Parlando di idee, diciamo che “ci vengono” e, se a volte siamo così geniali da riuscire a farcele venire, spesso non sappiamo neppure di averle. Perché le idee, si sa, sono volatili e, così come vengono, se non le afferriamo al volo rischiano di sfuggirci per sempre. E, quando accade, è un vero peccato: le idee sono la materia prima della creatività, una materia preziosissima anche se, fortunatamente, per niente rara.

Anzi, uno dei problemi della vita creativa può essere proprio un’abbondanza di idee che fanno a pugni tra loro per catturare la nostra attenzione e le nostre energie. È quello che succede di solito quando l’attività creativa si trova nella fase che precede quella del progetto – una fase embrionale, in cui tutto ciò che sappiamo è che “vogliamo fare qualcosa”.

L’altro problema, di segno opposto, è quello di trovarci penosamente a corto di idee quando siamo nel bel mezzo di un progetto, magari a pochi passi dalla sua conclusione. Il motivo può essere banale e superabile, come un momento di stanchezza, ma anche più serio: il percorso fatto sin lì potrebbe averci portato in una strada senza uscita.

In entrambi i casi, organizzare o riorganizzare le idee può dare la spinta necessaria per permettere al nostro lato creativo di fare quello che deve: creare qualcosa che prima non c’era – la soluzione a un problema tecnico, il capitolo finale di un romanzo, una nuova variante delle melanzane alla parmigiana o quello che è.

Raccogliere le idee

Se la nostra parte creativa scalpita, sicuramente è perché un po’ di idee le abbiamo: per esempio, l’intuizione che nelle melanzane alla parmigiana potrebbe starci bene il pesce, o che la protagonista del nostro romanzo dovrebbe rischiare la vita per salvare la vita del fratello gemello che fino al giorno prima non sapeva di avere. Idee del genere vanno portate alla luce in modo da non rischiare di perderle; non giudichiamole subito, il momento per testarle e valutarle arriverà poi.

Per raccogliere le idee, trovo estremamente efficaci due semplici tecniche organizzative, entrambe ispirate al metodo Gtd di David Allen: le note estemporanee e il brain dump. Vediamo di che si tratta.

Le note estemporanee

Un ottimo metodo per non farci sfuggire le idee che ci arrivano all’improvviso è quello di scrivere tutto. Ovvero, annotare rapidamente intuizioni, ipotesi di lavoro e illuminazioni varie nel momento in cui arrivano, buttandole giù senza perderci troppo tempo.

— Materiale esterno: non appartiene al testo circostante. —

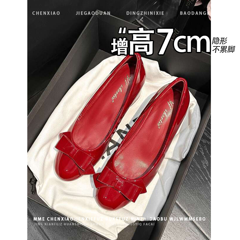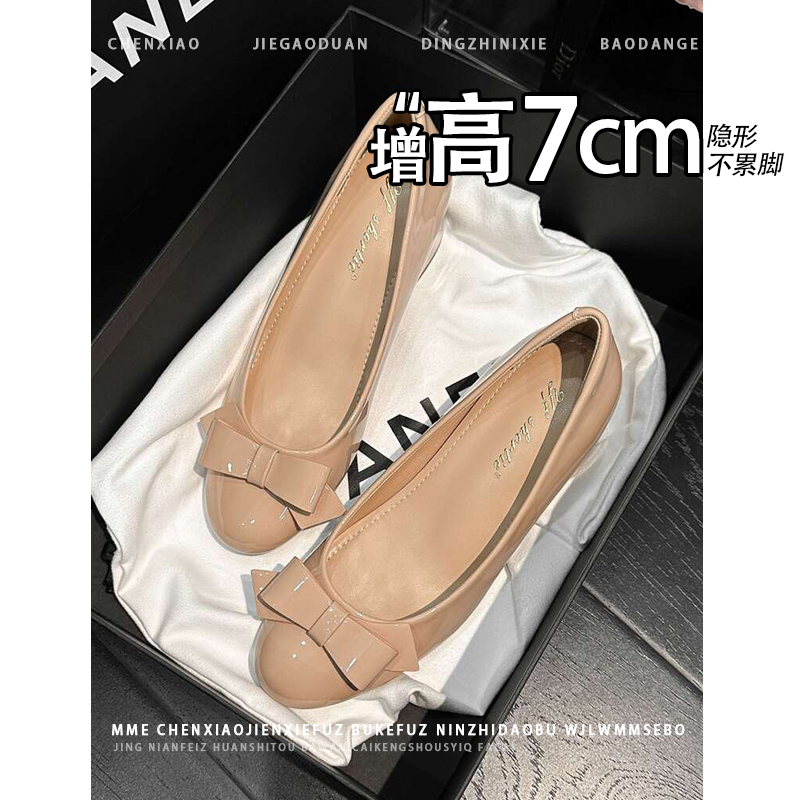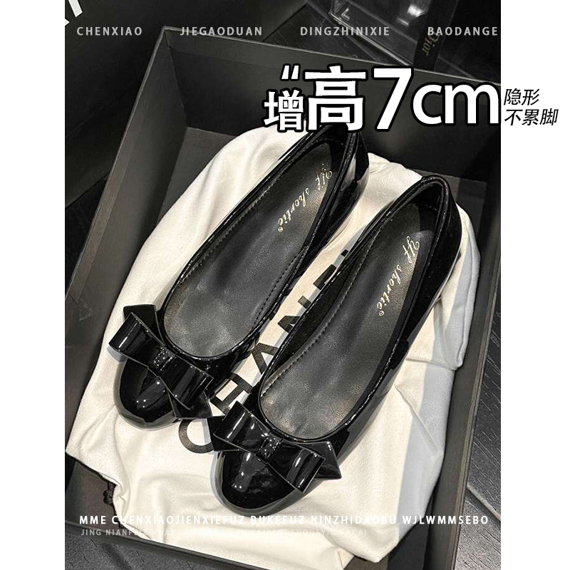 不累脚!隐形内增高7CM玛丽珍鞋2025秋新款浅口一脚蹬粗跟单鞋女

Potete usare un taccuino cartaceo, schede da archivio, una app, quello che volete. L’importante è scegliere un solo supporto (o al massimo due, uno cartaceo e uno digitale), facile da usare e sempre a portata di mano.

Il brain dump

Brain dump è un’espressione inglese abbastanza difficile da tradurre. Brain significa “cervello” e dump compare nell’accezione informatica di “scaricamento di dati”. Come tecnica di organizzazione personale, potremmo definire il brain dump come “trasferimento di ciò che abbiamo in testa su un altro supporto”.

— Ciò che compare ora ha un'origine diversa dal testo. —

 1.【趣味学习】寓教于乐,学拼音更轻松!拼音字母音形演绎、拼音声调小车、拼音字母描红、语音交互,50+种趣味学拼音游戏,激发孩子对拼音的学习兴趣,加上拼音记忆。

Ma, al di là delle difficoltà di traduzione, è una tecnica semplicissima che consiste nel prendersi un po’ di tempo (ne basta poco, anche una mezz’ora) e buttare giù la lista di tutte le idee che avete in mente. Per rimanere sull’esempio della variante della parmigiana, può essere l’elenco dei pesci che ci starebbero bene; o, per l’esempio romanzesco, la lista di tutti i modi avventurosi e rocamboleschi in cui la vostra eroina potrebbe rischiare la vita.

Generare le idee

A volte le idee che ci servirebbero sono paurosamente latitanti. La nostra eroina dovrebbe salvare il fratello gemello, ma al momento è detenuta in un carcere di massima sicurezza a causa di un terribile errore giudiziario. Ci siamo chiusi in un cul-de-sac e dobbiamo capire come uscirne. Abbiamo disperatamente bisogno di un’idea.

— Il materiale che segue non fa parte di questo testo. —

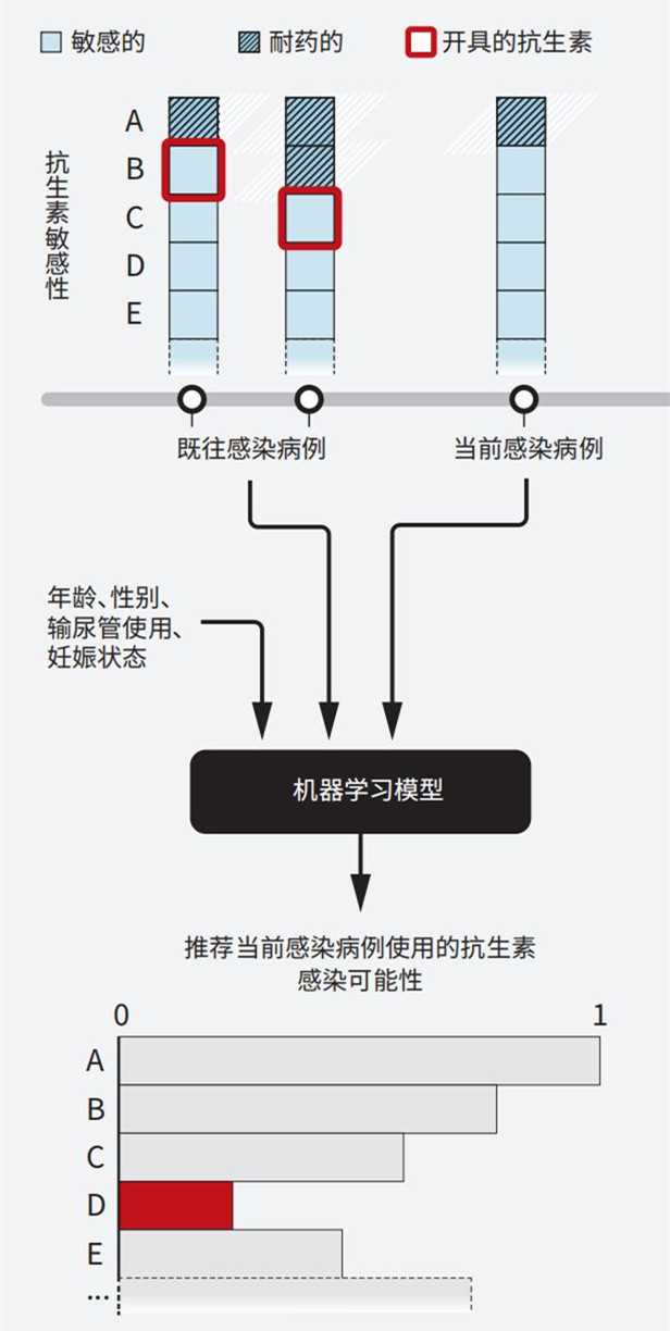 一个机器学习模型中储存着上千例尿路感染和伤口感染患者的信息。机器学习模型能够基于此识别与复发感染病原菌耐药性有关的因素。机器学习模型能够将患者的传染病病史及抗生素治疗史与人群数据相结合,预测出防止出现复发感染的最佳的抗生素

Lo dico subito: la ricetta magica, almeno secondo me, non esiste. Ma ci sono diversi strumenti che permettono di far saltare fuori parecchie idee, e tra queste può capitare anche quella giusta.

Il mio preferito, forse anche perché l’ho praticato di più sia in gruppo che individualmente, è il buon vecchio brainstorming. Si tratta di focalizzare il problema e proporre soluzioni a raffica, senza censure né critiche preventive; ovviamente, anche in questo caso bisogna tenere una traccia scritta. Il grande vantaggio del brainstorming, a mio avviso, è la libertà mentale di proporre anche le idee più bizzarre e improbabili, da cui a volte scaturiscono le soluzioni migliori. L’accortezza, per non finire fuori tema, è tenere sempre presente il problema di partenza – magari con una scritta che campeggia sul foglio o sulla lavagna su cui stiamo buttando giù le idee.

Un altro strumento utile per generare le idee è la mappa mentale: una rappresentazione grafica del pensiero ottenuta disegnando o scrivendo un concetto centrale su una pagina bianca e poi, come tante ramificazioni e sottoramificazioni di un albero, tutte le idee che è possibile associarvi. Confesso che le mappe mentali mi piacciono molto esteticamente, ma trovo che dare da subito una struttura definita al pensiero lo condizioni troppo. Immagino che sia una questione di carattere, perché per tante persone funzionano benissimo.

Lo schedario delle idee

Anche se il genio sembra avere molto a che fare con la velocità di esecuzione, nella realtà concreta può esserci uno scarto tra il momento in cui ci vengono le idee – o le raccogliamo, o le generiamo – e quello in cui possiamo realizzarle. Per questa ragione è importante non perderle e soprattutto conservarle in un luogo dal quale possiamo attingere facilmente quando ci servono.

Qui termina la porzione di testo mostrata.